On a - formed for example of a silicon wafer or a glass plate - substrate 1 is a non-conductive, structured - consisting of a paint or a paste - structured, expandable layer 2 printed. An important feature of the layer 2 is that it greatly expands in interaction with heat and / or in interaction with defined electromagnetic radiation, for example, the resulting evaporation or sublimation. The application of the paint structure takes place here in a screen printing or ink jet printing process. The paint structure, that is the structured layer 2 essentially represents the negative image of the on the substrate 1 that is, the surface areas of the substrate 1 that remain free in the structured substrate surface to be created are with the expansible structured layer 2 printed while the in 1 free areas 3 of the substrate 1 essentially the positive image of the 4 shown - structured substrate surface.

In the second process step ( 2 ) becomes the substrate provided with the structured lacquer structure 1 by vapor deposition or sputtering with a closed cover layer 5 covered, which may consist of electrically conductive material, for example of silver or aluminum, or of a transparent conductive material, such as tin or zinc oxide. This represents the second case of the structuring, which leads to a structured coated substrate surface. In the first case of structuring occurs in place of the deposition of the topcoat 5 the step of processing the substrate with the patterned layer. The The first case of the structuring finally results in a structured processed substrate surface.

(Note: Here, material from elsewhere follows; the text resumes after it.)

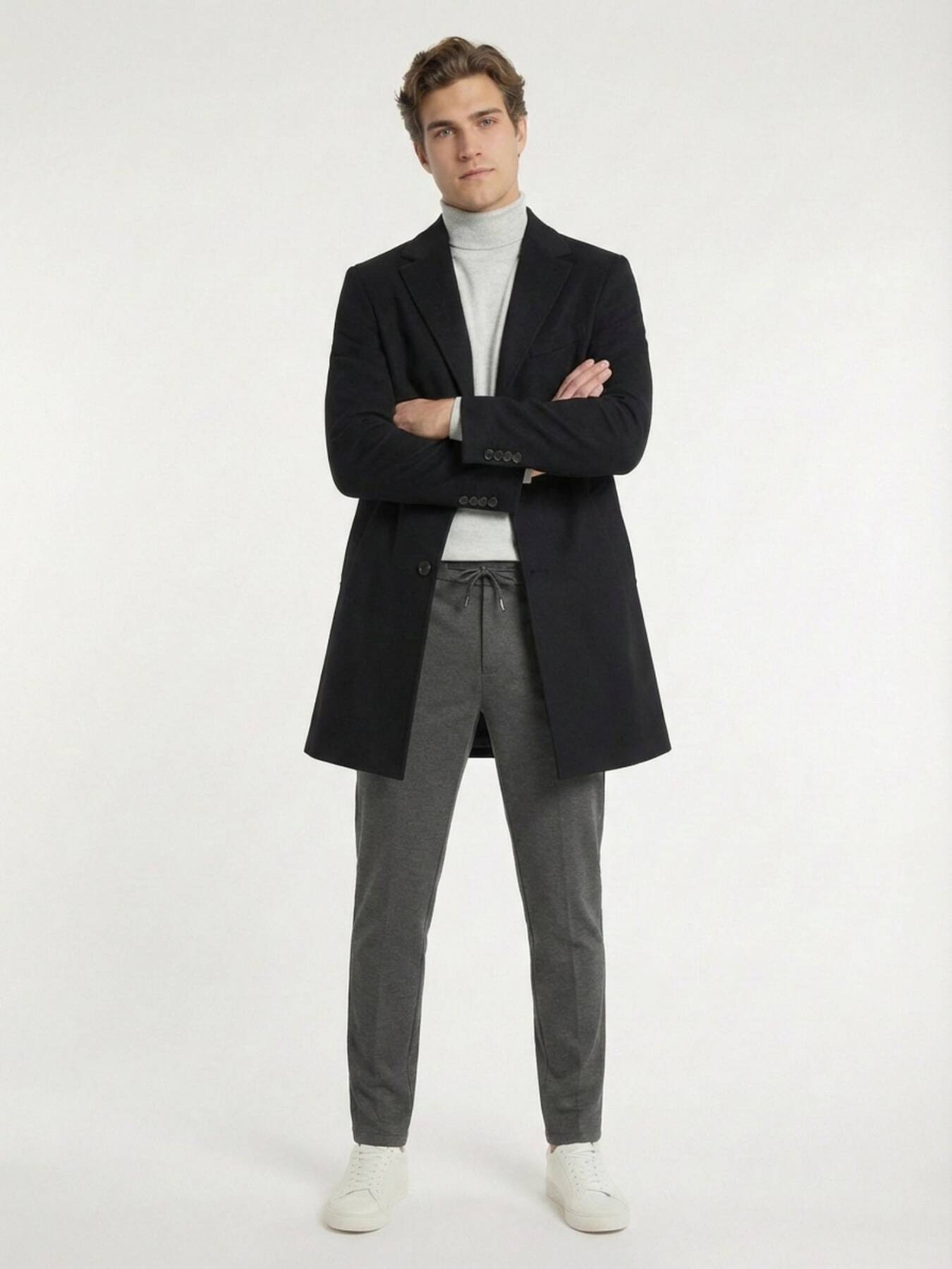 Model: Height: 187 cm, Chest: 98 cm, Waist: 78 cm, Hips: 96 cm, Size: 32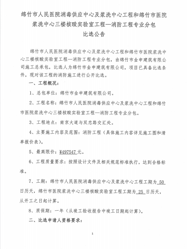 綿竹市人民醫院部分工程—消防工程專(zhuān)業(yè)分包比選公告

In the third process step ( 3a to 3c ) become the closed cover layer 5 and the structured layer 2 including the substrate 1 a defined electromagnetic radiation and / or heat, for example, convection heat in an oven exposed and thereby heated by at least partial absorption of the radiation or by transfer of heat. Due to the occurring expansion of the structured layer 2 This will be from the surface of the substrate 1 solved and blown up. In the case of the second structuring shown here takes the expanding layer 2 as well as the one immediately above the layer 2 lying part of the closed cover layer 5 With.

According to 3a the heating of the structured lacquer takes place 2 by laser beams 6 from above over the transparent material, such as tin oxide, existing topcoat 5 , It is also conceivable that a metallic cover layer 5 the laser radiation is very strongly absorbed. In this case, the structured layer 2 indirectly via the cover layer heated by laser radiation 5 warmed up and expanded.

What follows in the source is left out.